◆ **EXERCISE**: From the first line to the last, restate the material word for word, omitting pictures.

◆ **SUPPLIED MATERIAL**:
════

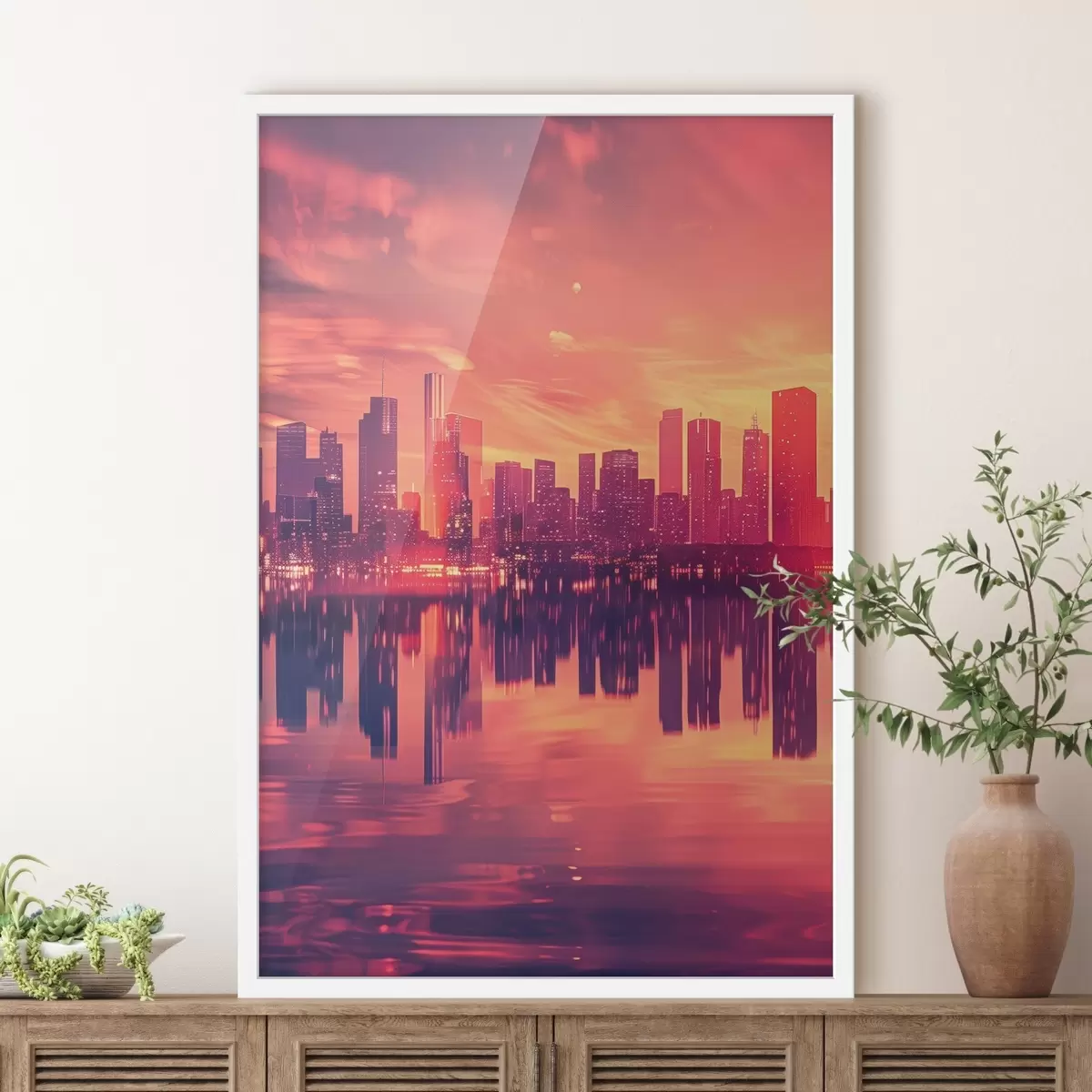 Poster Stadt bei Sonnenuntergang Nr f45658
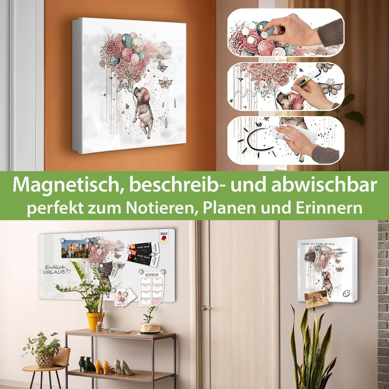 ✅ Magnetisch und mit Kreidestift beschreibbar, links angeschlagene TürOrdnung und Design in einem
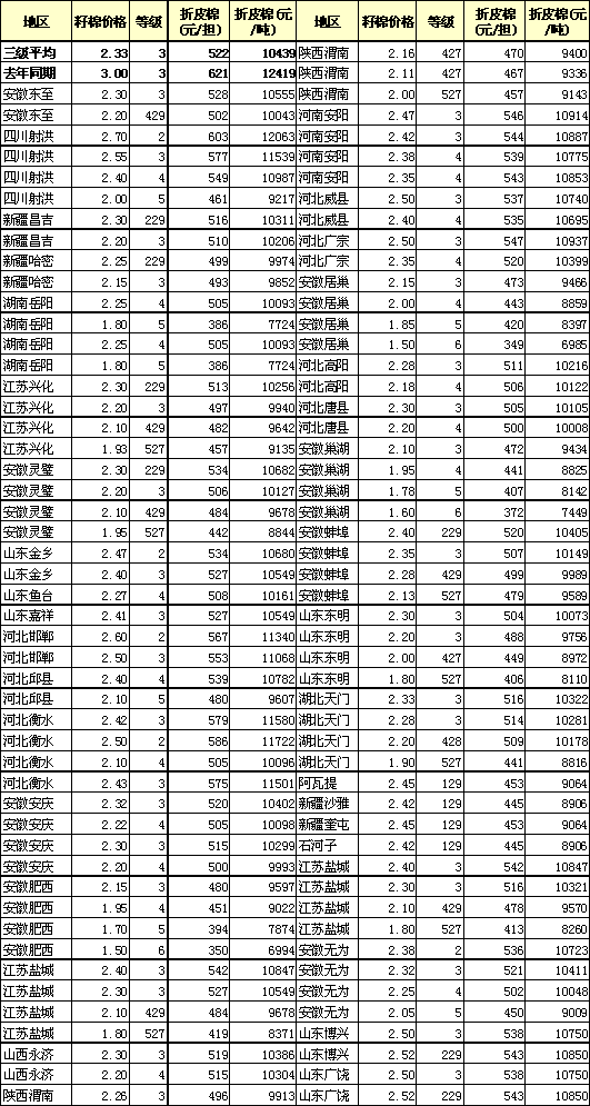 12月15日各地新棉收購
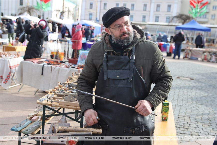 6 марта, Гродно /Корр. БЕЛТА/. Традиционная ярмарка ремесленников "Казюки" в Гродно прошла 6 марта. Мастера со всей Беларуси представили изделия ручной работы из глины, кожи, дерева, металла, соломки. Ярмарка, организованная Гродненским горисполкомом, давно стала одним из самых значимых событий в культурной жизни города. Она проводится ежегодно в память о святом Казимире - покровителе молодежи, мастеров и ремесленников. -0-

════

◆ **EXERCISE ANSWER**:
 Poster Stadt bei Sonnenuntergang Nr f45658
 ✅ Magnetisch und mit Kreidestift beschreibbar, links angeschlagene TürOrdnung und Design in einem
 12月15日各地新棉收購
 6 марта, Гродно /Корр. БЕЛТА/. Традиционная ярмарка ремесленников "Казюки" в Гродно прошла 6 марта. Мастера со всей Беларуси представили изделия ручной работы из глины, кожи, дерева, металла, соломки. Ярмарка, организованная Гродненским горисполкомом, давно стала одним из самых значимых событий в культурной жизни города. Она проводится ежегодно в память о святом Казимире - покровителе молодежи, мастеров и ремесленников. -0-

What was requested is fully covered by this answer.